Interestingly, I was dealing with the same question in another forum... so I replied like this... hope its usefull.



> The mission of the life of a Sikh is not to get a ticket into Heaven after death. While living, one should aim to realize the Lord vibrating everywhere in the universe and in every living being. Living according to the Will of the Lord and singing His virtues during the earthly life is living in Heaven.
> 
> Ignoring Him and suffering from vices, such as ego, anger, lust, greed, etc., is living in Hell. The Guru said that there is no place called Heaven or Hell where people are destined to go after they leave the world.
> 
> ...


Hope this clarifies the Sikhism concept of Hell or Heaven...


Best Regards
Chardi Kalaa (Live life in High Spirits)


----------



## satbir (Jul 13, 2004)

veer jio, i am confused on this topic. i recenly received the email on this topic. just check this out.

DHARAM KHAND

Pauri 34 of Siri Jap jee Sahib explains Dharam Khand. This is the khand where our soul goes to after death. This is where Dharam Rai is stationed. Almost every religion explains this khand in some form or the other. This Khand is huge and this is where heavens and hells are. Dharam Rai has an army of millions and millions jammdoots who control the whole Dharam Khand. Siri Jap jee Sahib summarizes this Khand as follows:

There are countless seasons, waters, fires, fires and low-lands like Pataal. Amidst such wide variety of things is the land of Dharam Khand. There countless kind of creatures reside. These creatures are there suffering punishments or getting rewarded for their good deeds. Everybody is judged according to their deeds done on Karam Bhoomi (our Earth or likes of it). The darbar of Dharam Rai is based on truth. Panch Jan i.e. the accepted Gursikhs get recognition and respect there. Such Gursikhs are recognised by the nishaan (symbol, or mark) on their forehead that appears as we do bhagtee of True Naam. All this may seem like fiction here but once we get there, we will realize how true it is (Nanak, Gaiyaan jaapai jaaye). 


GYAAN KHAND

No matter who one is, everyone has to come to Dharam Khand. Gursikhs go there as well as Manmukhs. The difference is that when the Gursikhs arrive there, no record of them is found there and because of the divine mark on their forehead, they are very well respected there. Manmukhs on the other hand get stiff punishments there and are sent to hell and thereafter back to earth to go through the 8.4 million forms, depending on their karma. 

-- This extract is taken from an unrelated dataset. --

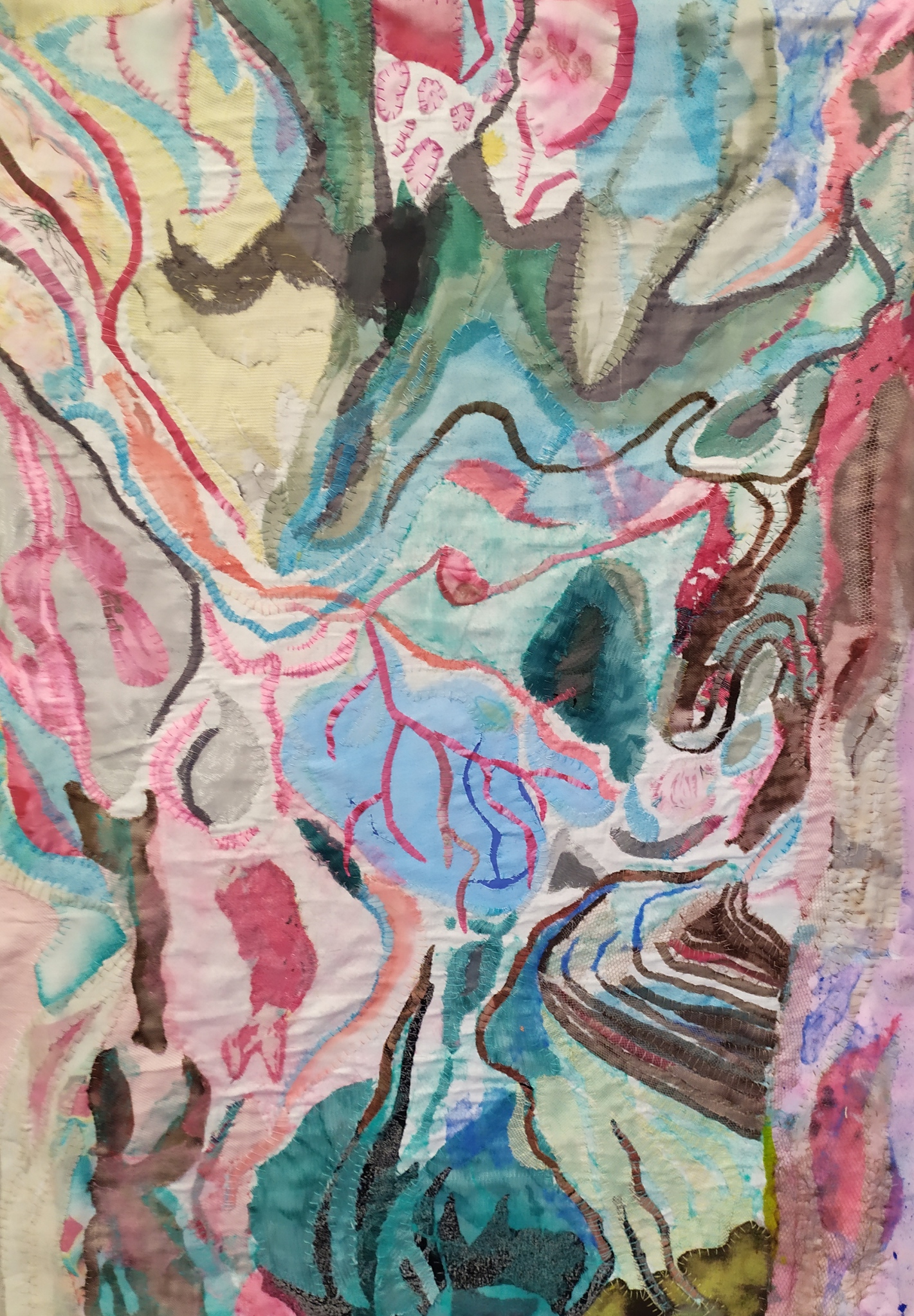 Ebru (verven op water) ontwerp gemaakt op textiel A4. Daarna vergroot en geheel van textiel gemaakt.

Gursikhs and other good people who are above heaven move on to the next khand i.e. Gyaan Khand. This is a very huge Khand and references to this Khand too are found in various religious books. This is where most of the prophets and saints of other religions fall. 

The ones who worship Siri Krishna, Vishnu jee, Shiv jee, and Mohammadans etc. fall in this Khand. This is where Baikunth i.e. residing place of Siri Krishna and his devotees, Buddha, and other great religious leaders are. This place is very beautiful and there are countless Krishna, Shiv jees, Buddhas there. The bhagats like Dhru reside in this Khand. This Khand is very great Khand and only fortunate ones reach here. The only drawback is that the residents of this Khand are not eternal. When Vaheguru takes back his creation, this Khand gets destroyed. 

SHARAM KHAND, KARAM KHAND AND SACH KHAND

This is the third Khand and hereon it is impossible to describe the Khands. Sharam Khand and the two Khands above this i.e. Karam Khand and Sach Khand are beyond description. One thing is for sure that the way we are today, we cannot comprehend anything there in Sharam Khand. For this reason when one reaches this Khand, one gets new senses, mind, intelligence and surti. The reason is that with old senses and mann, budh, we cannot comprehend anything there. Sharam Khand is essential for Bhagats before they can enter Karam Khand and Sach Khand. Sharam Khand is like prep Khand for entering Karam Khand and Sach Khand. This Khand is extremely beautiful. Everything there is just too beautiful to describe. Guru Sahib just says that no one should bother to describe anything there as it would be futile and such person who tries to say anything about this Khand have to regret.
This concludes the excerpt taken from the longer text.